To test our hypothesis that levels of anxiety significantly predicts levels of depression, and that the relationship would be positive, we used a simple linear regression to model the relationship between those variables. We confirmed that our data met the assumptions of a linear regression, checking the linearity of the relationship using a Residuals vs Fitted plot and checking for outliers using Cook’s distance plot. (Note: We are skipping the assumptions of normality and homogeneity of variance for this analysis.)

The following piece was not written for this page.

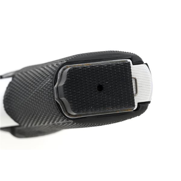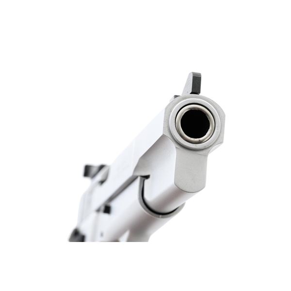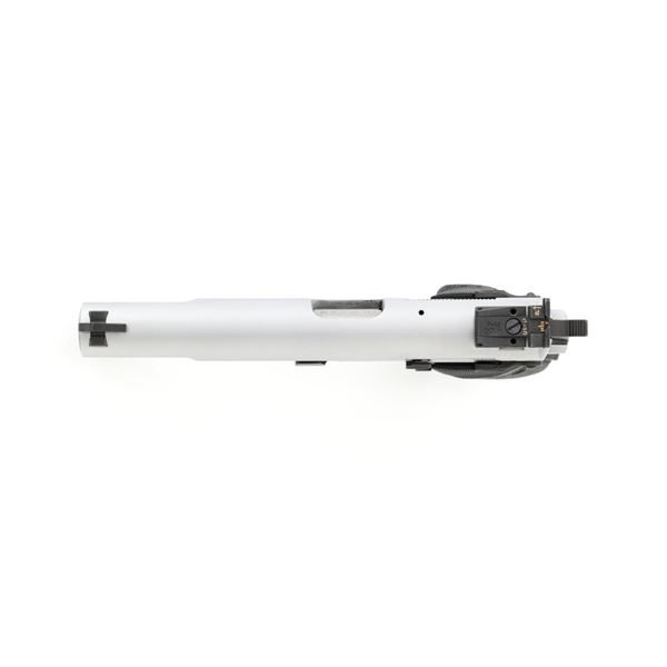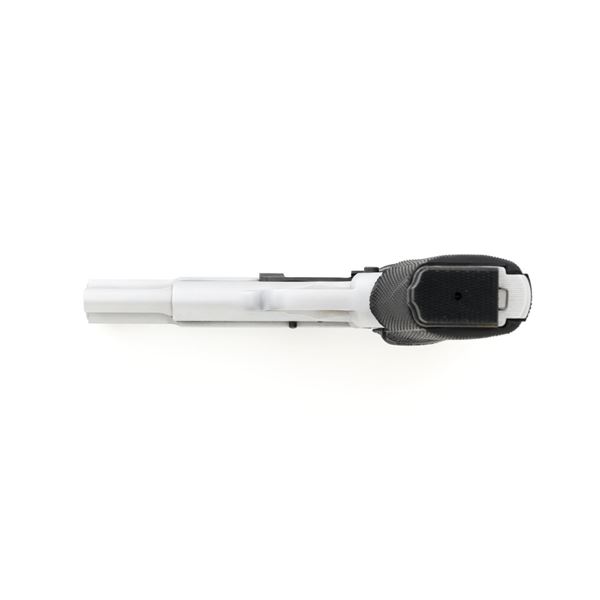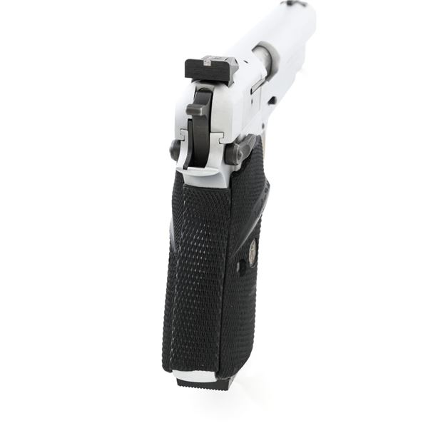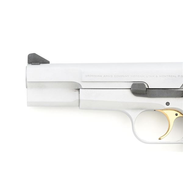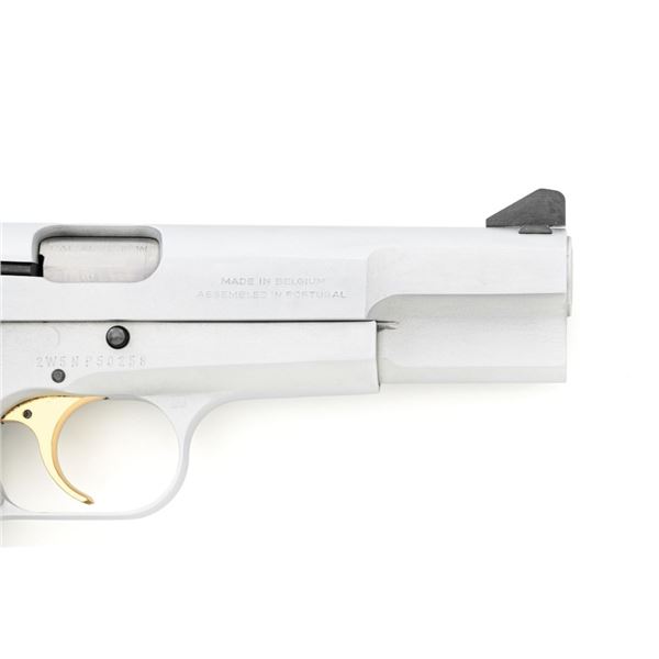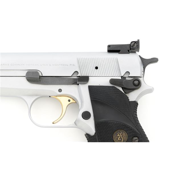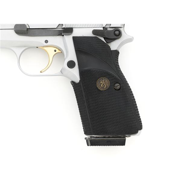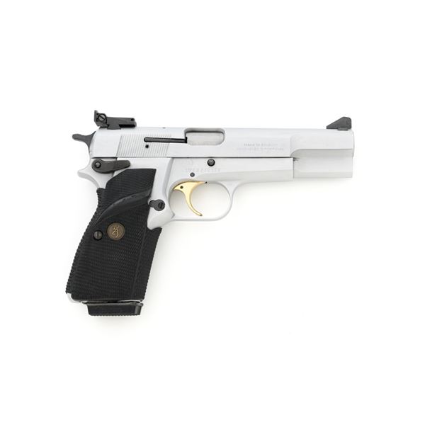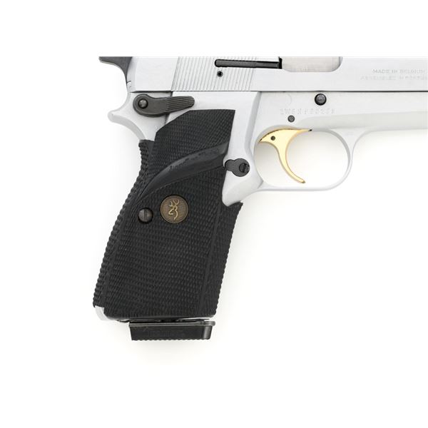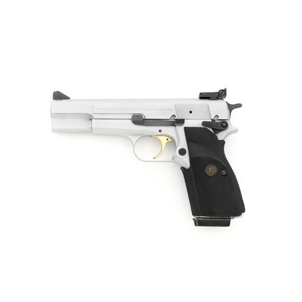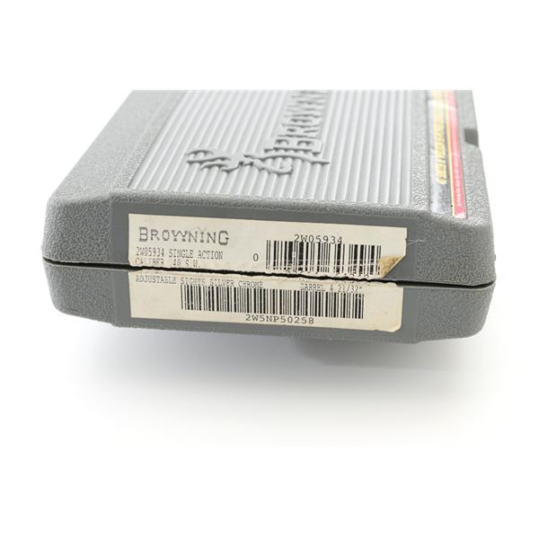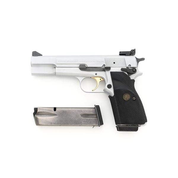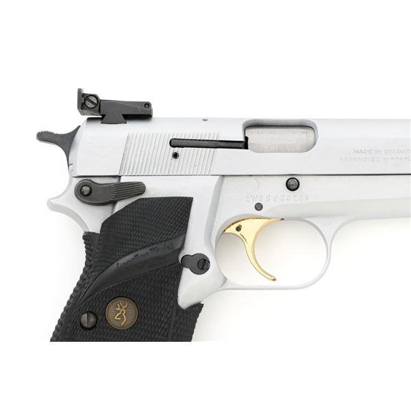 Browning Hi-Power Semi-Automatic Pistol, #2W5NP50258, .40 S&W cal., 4.6" barrel, satin nickel finish, checkered black rubber wraparound Pachmayr grips, blade front sight, adjustable square-notch rear sight, with two (2) 10-round magazines. Factory markings are sharp with a Belgian proof on the trigger guard, right side of the slide is marked "MADE IN BELGIUM/ASSEMBLED IN PORTUGAL". Includes factory plastic hard case with matching end label, instruction manual, warranty card, brochure, and associated packaging materials. Pistol is in excellent overall condition, showing light wear. Grips are near excellent with crisp checkering. Action operates smoothly. Bore is excellent with well-defined rifling. Est.: $800-$1,200. (Modern/PPT)

As predicted, we found that social exclusion significantly predicted loneliness, F(1, 715) = 1507, p < .001, Adj. R2 = 0.6777. Additionally, the relationship between levels of anxiety and levels of depression was positive, ß = 0.71, t(715) = 38.82, p < .001 (refer to Figure 1). According to Cohen (1988), this constitutes a medium effect size (ß ).

References

Cohen J. (1988). Statistical Power Analysis for the Behavioral Sciences. New York, NY: Routledge Academic.